Thursday, June 7, 2012

So Not Ok

H A V E    M E R C Y !

See-through house. (Sorry, P...you were just in the shot)
It has been 8 months since we've been home. Yes, 8. It's been 8 months since I got the phone call that would send me speeding home, all adrenaline and nerves. It's been 8 months since we stood huddled together in our driveway, firetruck lights illuminating our yard in eerie red and blue. It's been 8 months since our friends, neighbors, and family members gathered around us and held us tight and prayed for us and offered words of comfort.

They told us that we were ok. Heck, we told ourselves we were ok. As I settled down into a  hotel bed at 8:00 am the next morning, a separate bed from my husband, my children split up into various rooms far down the hall and my dogs, still sick from smoke inhalation and heat exhaustion, with extended family, I understood something deep in my soul. I was not, ok. True, I had not admitted it to myself yet. But I knew it.

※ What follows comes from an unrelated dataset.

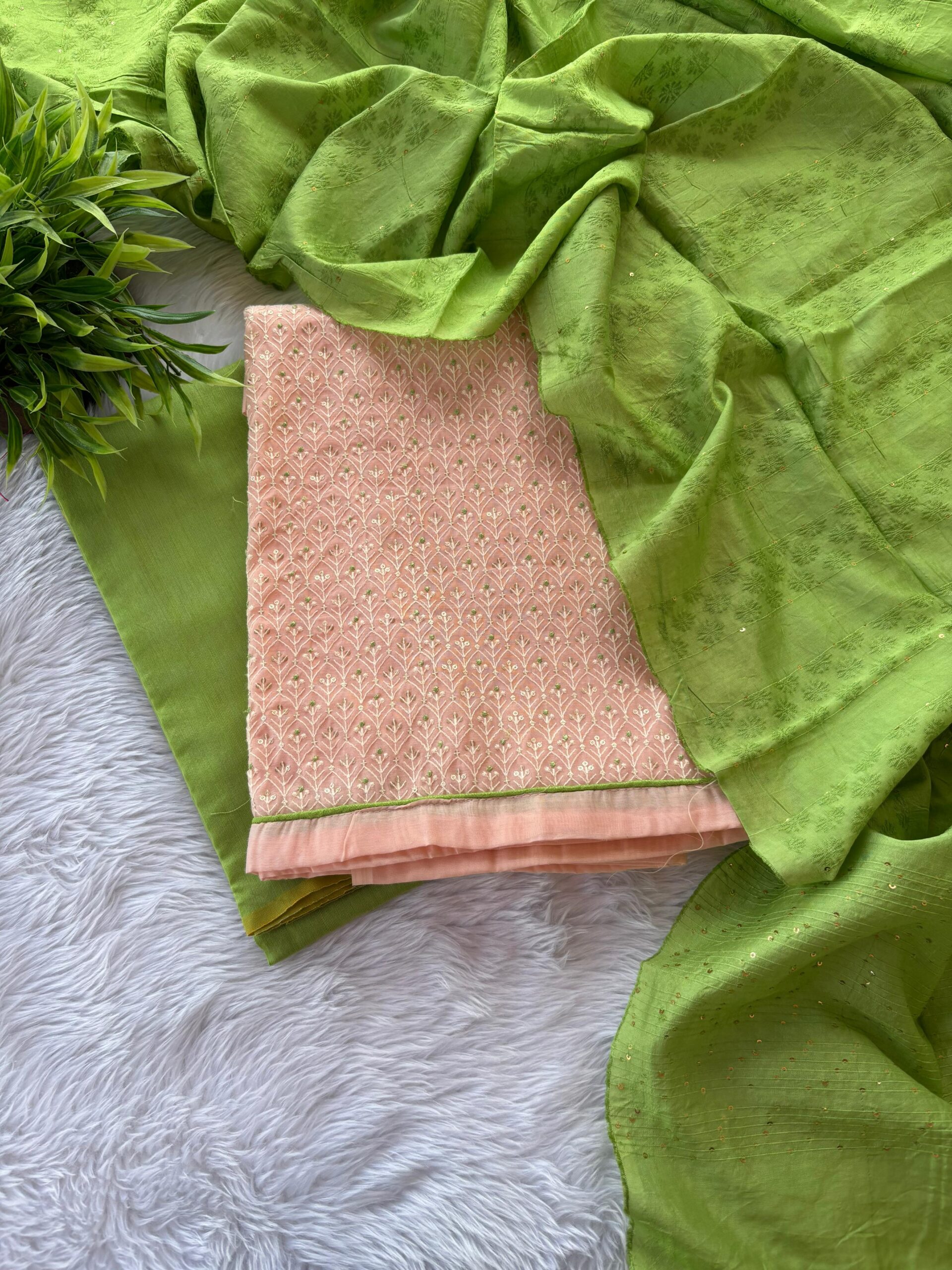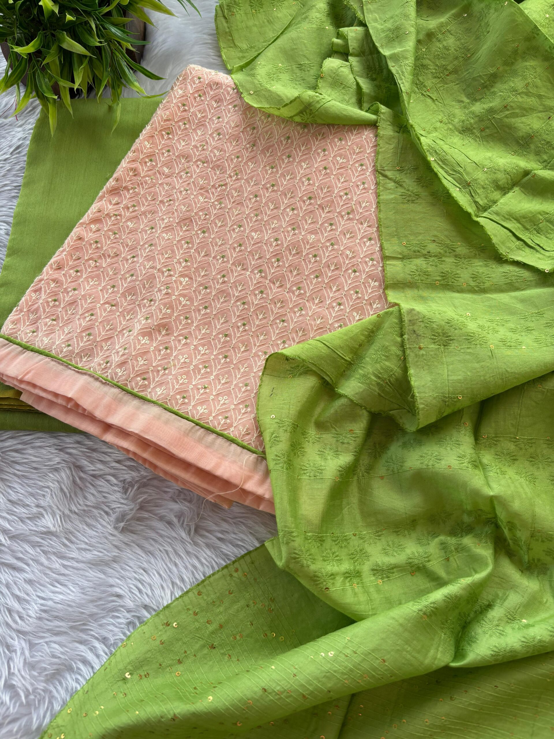 Chanderi Silk cotton has sequence and thread work all over shirt 🍃🌺 paired with Silk cotton bottom 🌺🍃and Sequence work silk cotton dupatta 🌺

I kept up a mantra to my children- "we are ok, we are all ok, we are going to get through this." But, deep in my soul, I knew. We were not ok. 

I promised to keep it real here, and this is the real. I'm not ok. I am traumatized. The terror in my daughter's voice when she called to say "come home now Mom! The house is burning!" will be forever etched into my memory. Forever. The fear I felt trying to drive home to my family, not knowing what I would find when I arrived, is forever embedded in my soul. The complete emptiness and helplessness I felt laying down in a hotel with nothing but what I had with me when I had left home to go to work that evening...it has taken a toll on me. I am exhausted still. I have realized that I have little memory of things going on in my life in early September. I cannot remember what classes I was attending at college. I can hardly remember some of the details of my own home. 

I am not ok. I am alive. I am grateful. I am putting one foot in front of the other. I smile. I laugh. We all do. But we are not ok. 

I have hope. I hope, sincerely, that when we move home...when we can no longer see through the walls of our home...that we will feel ok. But, I don't know. Perhaps we are forever changed. We'll see. 

I do know that today,  I personally, Limitless Lisa, have just about reached my limit. I want to go home. 

But, this...is not a home.

Not a welcoming entry. 
And this...is not a window.

Not a good view. 
And this...is not a bay window.

Also not a good view.
And this...is not my bedroom.

Not how I pictured my bedroom. 
Not yet. I know it will be soon. Hopefully before the end of July, because that is when the insurance company will stop paying our rent for our temporary home.

Excuse me now while I try to find my 'ok'. I know I've got it here somewhere. Maybe the fire restoration company took it and tried to clean it.